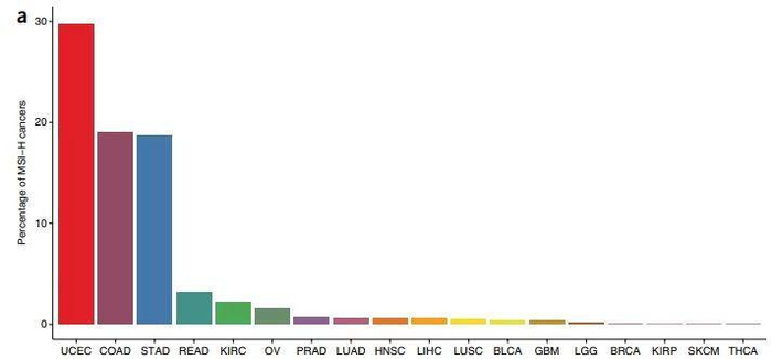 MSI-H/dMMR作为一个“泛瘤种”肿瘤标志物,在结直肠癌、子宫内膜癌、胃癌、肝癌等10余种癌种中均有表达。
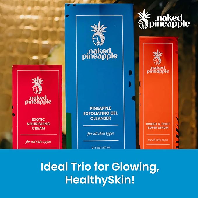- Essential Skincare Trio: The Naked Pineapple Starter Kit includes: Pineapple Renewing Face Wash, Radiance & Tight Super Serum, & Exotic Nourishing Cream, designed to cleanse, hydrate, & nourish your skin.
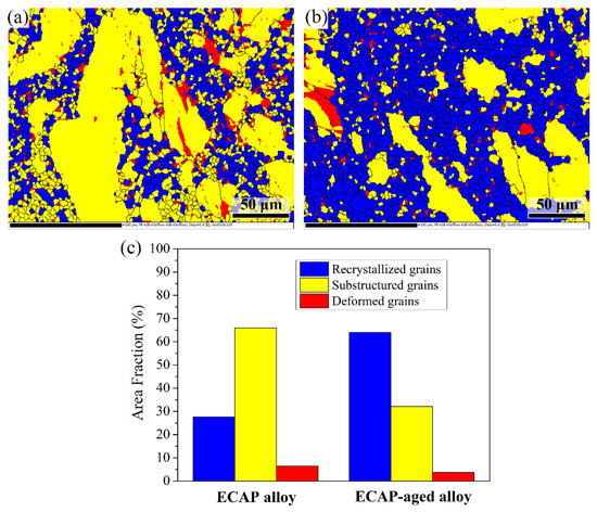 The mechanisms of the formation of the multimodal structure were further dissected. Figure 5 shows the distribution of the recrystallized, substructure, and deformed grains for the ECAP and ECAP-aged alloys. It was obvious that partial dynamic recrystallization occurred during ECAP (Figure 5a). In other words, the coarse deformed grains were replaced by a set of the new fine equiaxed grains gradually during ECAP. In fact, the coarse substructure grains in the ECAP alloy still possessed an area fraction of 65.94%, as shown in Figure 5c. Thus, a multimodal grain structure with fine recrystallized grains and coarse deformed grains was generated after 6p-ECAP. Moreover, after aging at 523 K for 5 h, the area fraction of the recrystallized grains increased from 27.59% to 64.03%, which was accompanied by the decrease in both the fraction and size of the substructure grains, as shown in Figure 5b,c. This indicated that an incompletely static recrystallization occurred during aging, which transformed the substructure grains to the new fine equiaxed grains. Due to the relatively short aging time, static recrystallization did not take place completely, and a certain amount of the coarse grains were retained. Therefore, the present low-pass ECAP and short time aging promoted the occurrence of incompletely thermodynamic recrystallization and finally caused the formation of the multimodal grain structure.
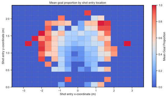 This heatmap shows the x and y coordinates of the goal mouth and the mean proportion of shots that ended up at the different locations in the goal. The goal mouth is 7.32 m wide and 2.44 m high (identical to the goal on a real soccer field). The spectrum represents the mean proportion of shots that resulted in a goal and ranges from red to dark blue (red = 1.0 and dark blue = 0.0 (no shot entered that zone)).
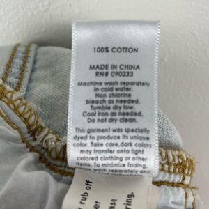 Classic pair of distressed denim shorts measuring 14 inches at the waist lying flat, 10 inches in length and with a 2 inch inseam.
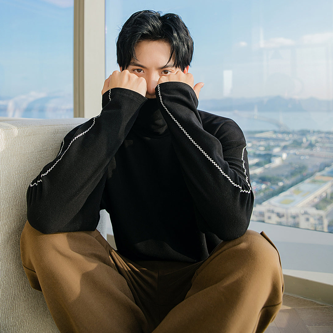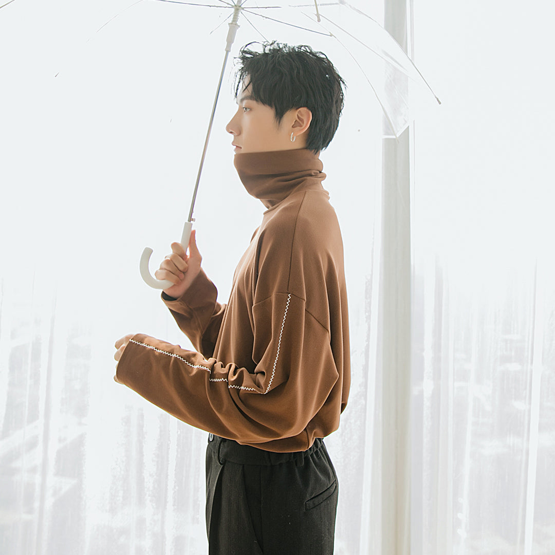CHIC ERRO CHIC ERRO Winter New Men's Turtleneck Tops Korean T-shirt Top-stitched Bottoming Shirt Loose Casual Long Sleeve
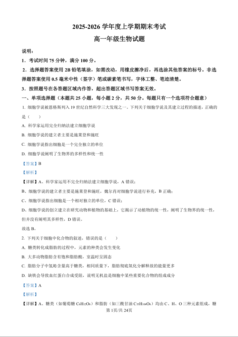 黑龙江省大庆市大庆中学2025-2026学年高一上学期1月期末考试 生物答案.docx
+ + + + +
What is required: Reproduce every line above exactly, pictures excluded.

Result for this task:
 MSI-H/dMMR作为一个“泛瘤种”肿瘤标志物,在结直肠癌、子宫内膜癌、胃癌、肝癌等10余种癌种中均有表达。
- Essential Skincare Trio: The Naked Pineapple Starter Kit includes: Pineapple Renewing Face Wash, Radiance & Tight Super Serum, & Exotic Nourishing Cream, designed to cleanse, hydrate, & nourish your skin.
 The mechanisms of the formation of the multimodal structure were further dissected. Figure 5 shows the distribution of the recrystallized, substructure, and deformed grains for the ECAP and ECAP-aged alloys. It was obvious that partial dynamic recrystallization occurred during ECAP (Figure 5a). In other words, the coarse deformed grains were replaced by a set of the new fine equiaxed grains gradually during ECAP. In fact, the coarse substructure grains in the ECAP alloy still possessed an area fraction of 65.94%, as shown in Figure 5c. Thus, a multimodal grain structure with fine recrystallized grains and coarse deformed grains was generated after 6p-ECAP. Moreover, after aging at 523 K for 5 h, the area fraction of the recrystallized grains increased from 27.59% to 64.03%, which was accompanied by the decrease in both the fraction and size of the substructure grains, as shown in Figure 5b,c. This indicated that an incompletely static recrystallization occurred during aging, which transformed the substructure grains to the new fine equiaxed grains. Due to the relatively short aging time, static recrystallization did not take place completely, and a certain amount of the coarse grains were retained. Therefore, the present low-pass ECAP and short time aging promoted the occurrence of incompletely thermodynamic recrystallization and finally caused the formation of the multimodal grain structure.
 This heatmap shows the x and y coordinates of the goal mouth and the mean proportion of shots that ended up at the different locations in the goal. The goal mouth is 7.32 m wide and 2.44 m high (identical to the goal on a real soccer field). The spectrum represents the mean proportion of shots that resulted in a goal and ranges from red to dark blue (red = 1.0 and dark blue = 0.0 (no shot entered that zone)).
 Classic pair of distressed denim shorts measuring 14 inches at the waist lying flat, 10 inches in length and with a 2 inch inseam.
CHIC ERRO CHIC ERRO Winter New Men's Turtleneck Tops Korean T-shirt Top-stitched Bottoming Shirt Loose Casual Long Sleeve
 黑龙江省大庆市大庆中学2025-2026学年高一上学期1月期末考试 生物答案.docx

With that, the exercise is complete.